*** Opening DATA TO PROCESS ***
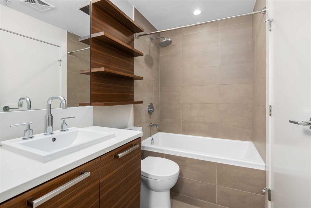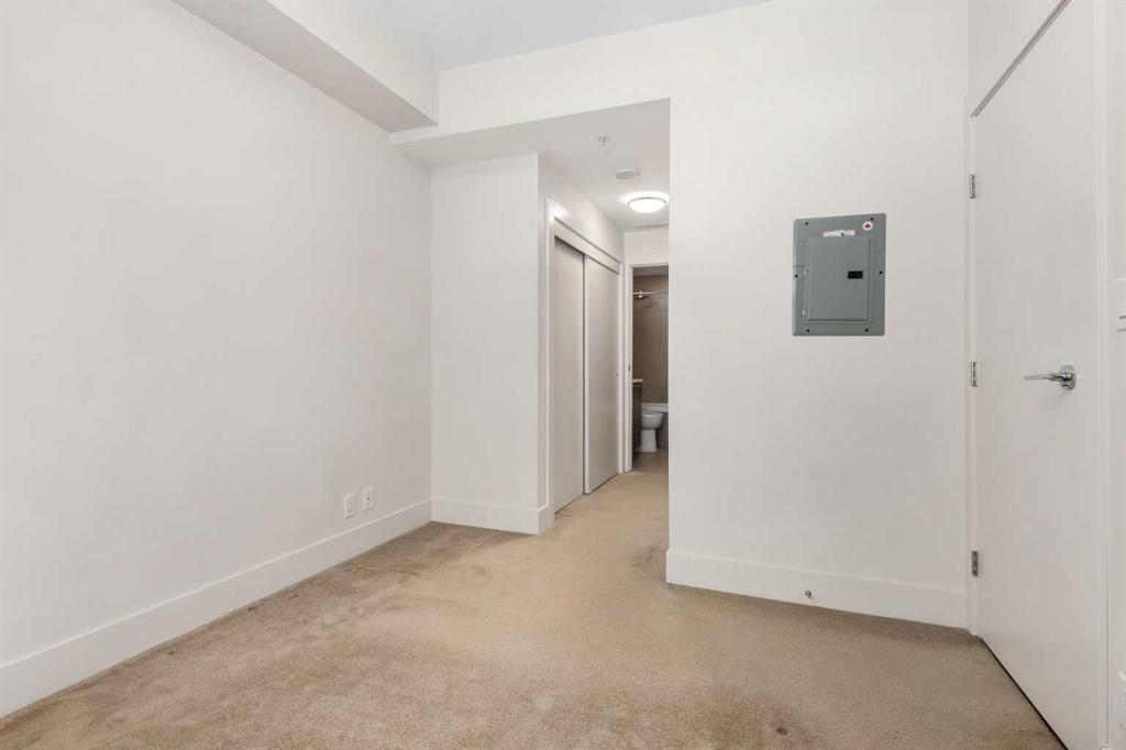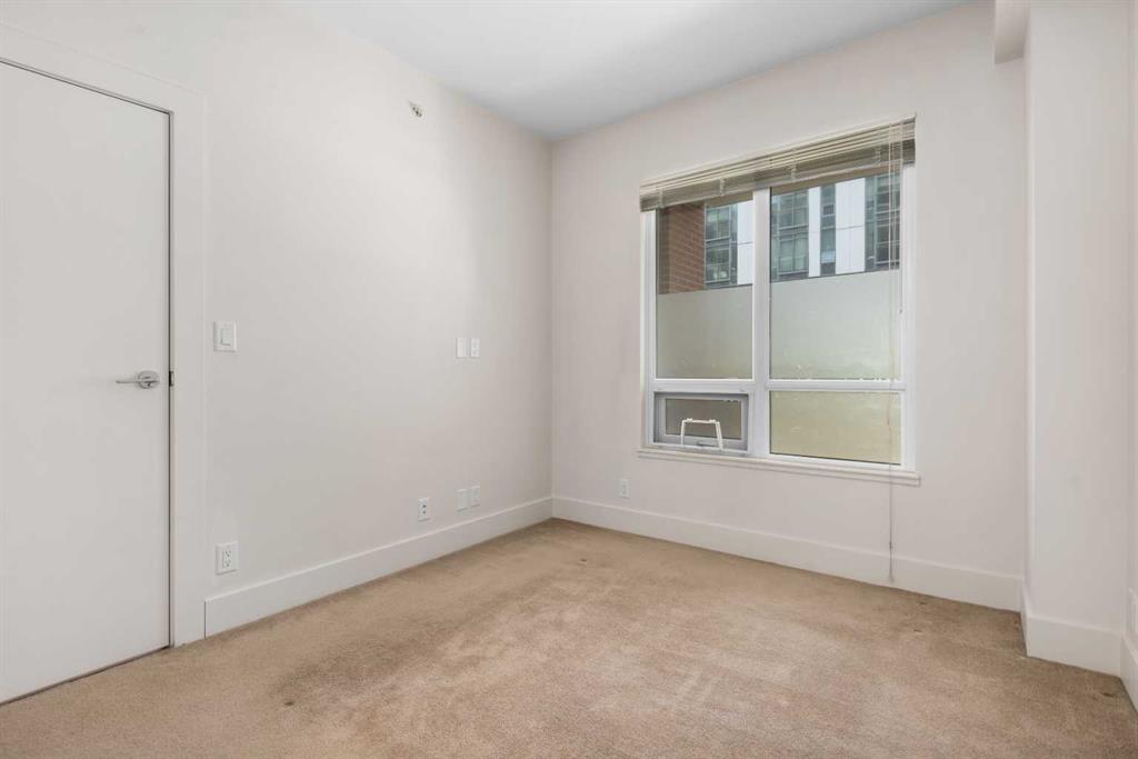 This ground floor freshly painted unit with a fantastic layout includes a must have DEN, unique upgrades, titled parking and convenient storage. The original owners had the builder add a built in pantry/cabinet at end of the kitchen as well as additional shelving in ensuite. The very convenient ground floor access means no elevators and visitors can come directly through the private patio. The unit comes with one title parking stall in the secured underground parking where you will find secure storage for your convenience rather than hauling items through the elevators and hallways. A previous occupant also had security set up on patio for comfort and peace of mind. The bedroom features a walkthrough closet leading to the well appointed 4 piece bath with some custom shelving. With the DEN. the open floor plan, well appointed kitchen, full size washer/dryer and the direct access for your guests this is an amazing opportunity. Bridgeland is known to be one of the best inner city communities in Calgary, This unit sits in one of the best locations within Bridgeland being far enough from Memorial to minimize traffic noise and close enough for an easy walk to the LRT, Zoo, river paths, downtown and several coffee shops and restaurants and shops. Vacant and available for possession at your convenience.
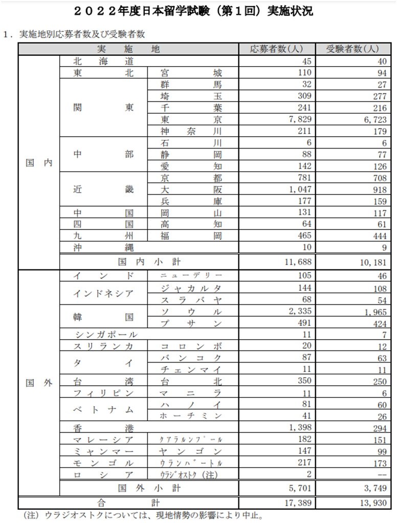 目前第一次考試已經結束了,第二次考試的報名也在7月29日截止。日本學生支援機構公布了2022年度第一次日本留學考試的實施結果。
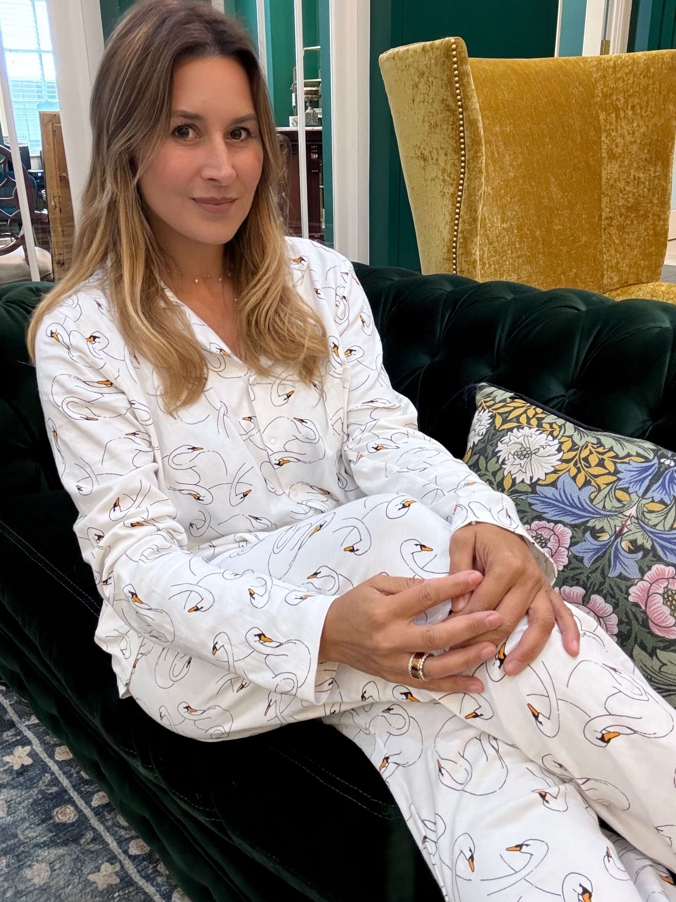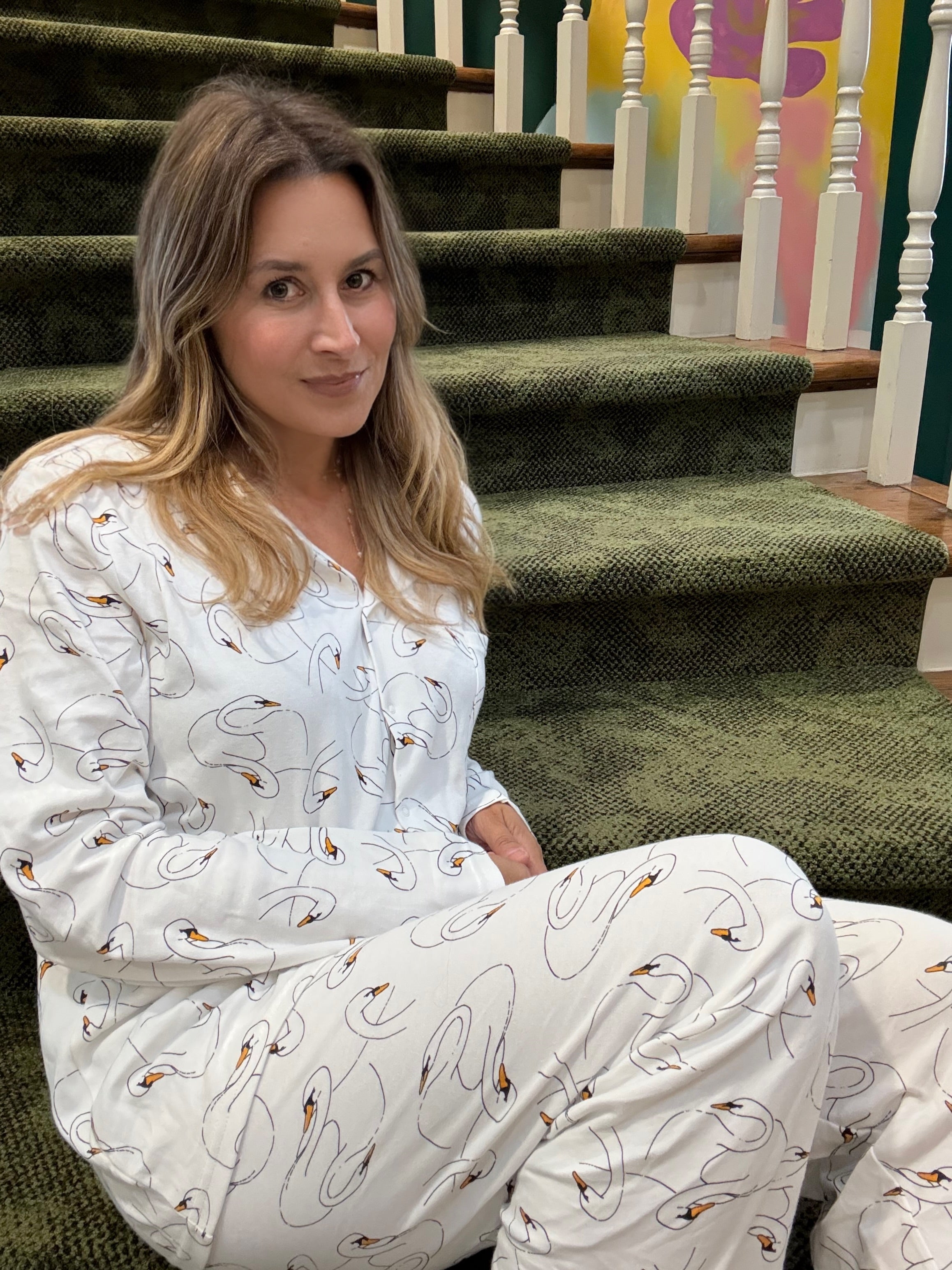 Graceful as a swan’s glide, the Swan Song Pajama Set brings a touch of poetry to your evenings. Crafted from 100% soft organic cotton and adorned with a dreamy hand-drawn swan motif, these pajamas evoke a serene elegance perfect for slow mornings or winding down in style. With its classic button-down silhouette and relaxed fit, it’s loungewear made for those who believe even rest should feel romantic.
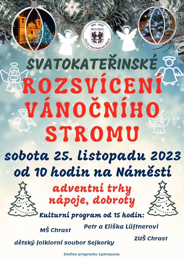 Letos rozsvítíme strom již na svátek sv. Kateřiny. Kulturní program, nápoje a dobroty a také zjevení andělů, tentokrát svatokateřinské více...
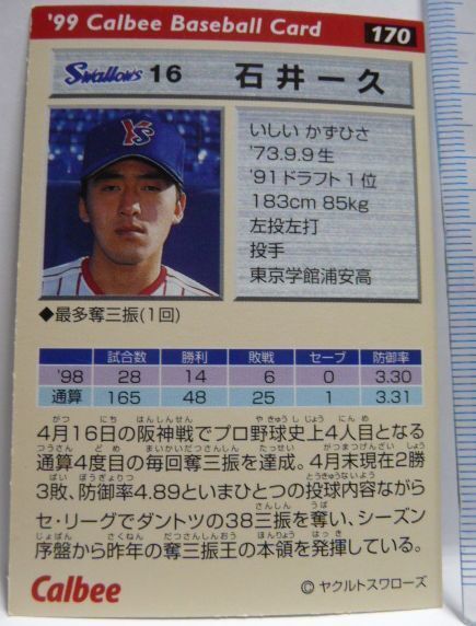 カルビープロ野球カード99年#170【石井 一久(ヤクルト スワローズ)】平成11年1999年チップスおまけ食玩トレーディングカード【中古】送料込
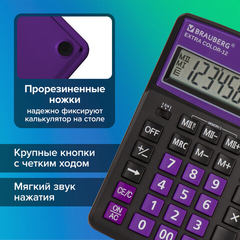 Настольный калькулятор BRAUBERG EXTRA COLOR-12-BKPR. Большой дисплей с увеличенным углом обзора, устойчивый корпус и клавиатура с цветной дифференциацией для эффективной работы с максимальным комфортом.
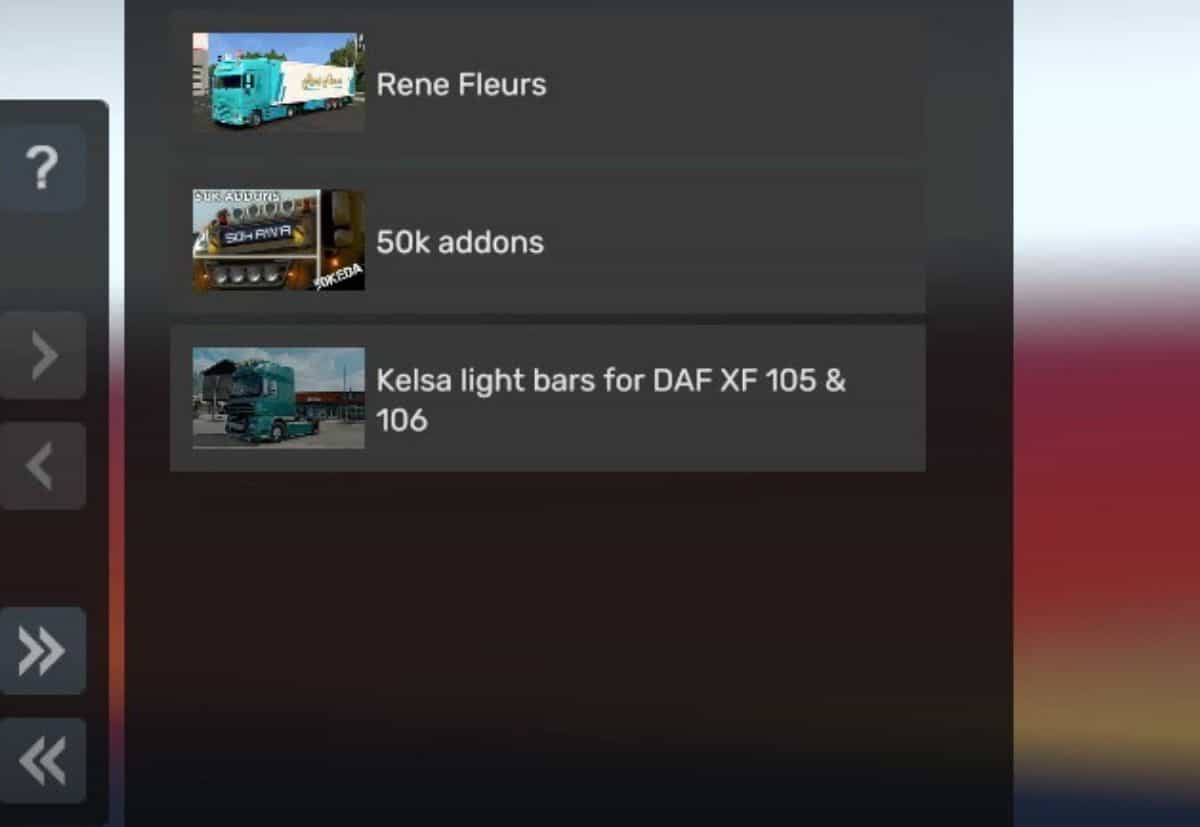 Combo Skin Rene Fleurs v1.0 ETS2 Mods | 7 Sep, 2024 Combo Skin Rene Fleurs v1.0 Trucks supported: – DAF XF Trailers supported: – Krone Cool Liner need to install mods Legendary “50k-addons” Kelsa Lightbars for DAF XF 105 & 106 Credits: Alik This content was uploaded by website visitors. If you notice any mistake, please let us know. Download Tags: Krone Cool Liner You may also like... MAN TGX E6 by Gloover Custom Skin v1.0 Truck Skins 13 Jun, 2025 SCANIA RJL White Blue Skin v1.0 Truck Skins 5 Mar, 2024 FREIGHTLINER INSPIRATION RACE TRUCK SKIN 1.27 Truck Skins 6 May, 2017 Leave a Reply Cancel reply Your email address will not be published. Required fields are marked *Comment Name * Email * I have read and accepted the Privacy Policy * CategoriesETS2 Bus ETS2 Cars ETS2 Interiors ETS2 Map Objects ETS2 Maps ETS2 Other ETS2 Packs ETS2 Parts / Tuning ETS2 Sounds ETS2 Traffic ETS2 Trailer Skins ETS2 Trailers ETS2 Truck Skins ETS2 Trucks ETS2 Vehicles ETS2 Weather
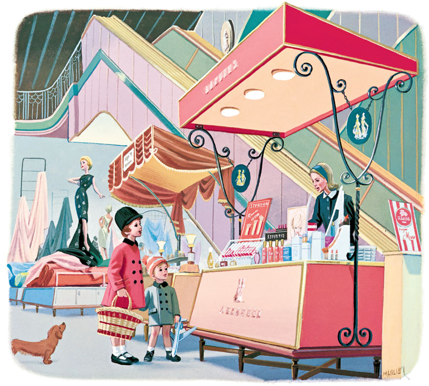 Мы опять спускаемся по эскалатору, теперь на самый-самый нижний этаж. И сразу попадаем в отдел, где продаётся всё, что нужно для домашнего хозяйства, он так и называется: «Всё для дома».
*** Closing DATA TO PROCESS ***
DIRECTIONS FOR THIS TASK: Return all the entries word for word, but omit any pictures they contain.

EXERCISE RESPONSE:
 This ground floor freshly painted unit with a fantastic layout includes a must have DEN, unique upgrades, titled parking and convenient storage. The original owners had the builder add a built in pantry/cabinet at end of the kitchen as well as additional shelving in ensuite. The very convenient ground floor access means no elevators and visitors can come directly through the private patio. The unit comes with one title parking stall in the secured underground parking where you will find secure storage for your convenience rather than hauling items through the elevators and hallways. A previous occupant also had security set up on patio for comfort and peace of mind. The bedroom features a walkthrough closet leading to the well appointed 4 piece bath with some custom shelving. With the DEN. the open floor plan, well appointed kitchen, full size washer/dryer and the direct access for your guests this is an amazing opportunity. Bridgeland is known to be one of the best inner city communities in Calgary, This unit sits in one of the best locations within Bridgeland being far enough from Memorial to minimize traffic noise and close enough for an easy walk to the LRT, Zoo, river paths, downtown and several coffee shops and restaurants and shops. Vacant and available for possession at your convenience.
 目前第一次考試已經結束了,第二次考試的報名也在7月29日截止。日本學生支援機構公布了2022年度第一次日本留學考試的實施結果。
 Graceful as a swan’s glide, the Swan Song Pajama Set brings a touch of poetry to your evenings. Crafted from 100% soft organic cotton and adorned with a dreamy hand-drawn swan motif, these pajamas evoke a serene elegance perfect for slow mornings or winding down in style. With its classic button-down silhouette and relaxed fit, it’s loungewear made for those who believe even rest should feel romantic.
 Letos rozsvítíme strom již na svátek sv. Kateřiny. Kulturní program, nápoje a dobroty a také zjevení andělů, tentokrát svatokateřinské více...
 カルビープロ野球カード99年#170【石井 一久(ヤクルト スワローズ)】平成11年1999年チップスおまけ食玩トレーディングカード【中古】送料込
 Настольный калькулятор BRAUBERG EXTRA COLOR-12-BKPR. Большой дисплей с увеличенным углом обзора, устойчивый корпус и клавиатура с цветной дифференциацией для эффективной работы с максимальным комфортом.
 Combo Skin Rene Fleurs v1.0 ETS2 Mods | 7 Sep, 2024 Combo Skin Rene Fleurs v1.0 Trucks supported: – DAF XF Trailers supported: – Krone Cool Liner need to install mods Legendary “50k-addons” Kelsa Lightbars for DAF XF 105 & 106 Credits: Alik This content was uploaded by website visitors. If you notice any mistake, please let us know. Download Tags: Krone Cool Liner You may also like... MAN TGX E6 by Gloover Custom Skin v1.0 Truck Skins 13 Jun, 2025 SCANIA RJL White Blue Skin v1.0 Truck Skins 5 Mar, 2024 FREIGHTLINER INSPIRATION RACE TRUCK SKIN 1.27 Truck Skins 6 May, 2017 Leave a Reply Cancel reply Your email address will not be published. Required fields are marked *Comment Name * Email * I have read and accepted the Privacy Policy * CategoriesETS2 Bus ETS2 Cars ETS2 Interiors ETS2 Map Objects ETS2 Maps ETS2 Other ETS2 Packs ETS2 Parts / Tuning ETS2 Sounds ETS2 Traffic ETS2 Trailer Skins ETS2 Trailers ETS2 Truck Skins ETS2 Trucks ETS2 Vehicles ETS2 Weather
 Мы опять спускаемся по эскалатору, теперь на самый-самый нижний этаж. И сразу попадаем в отдел, где продаётся всё, что нужно для домашнего хозяйства, он так и называется: «Всё для дома».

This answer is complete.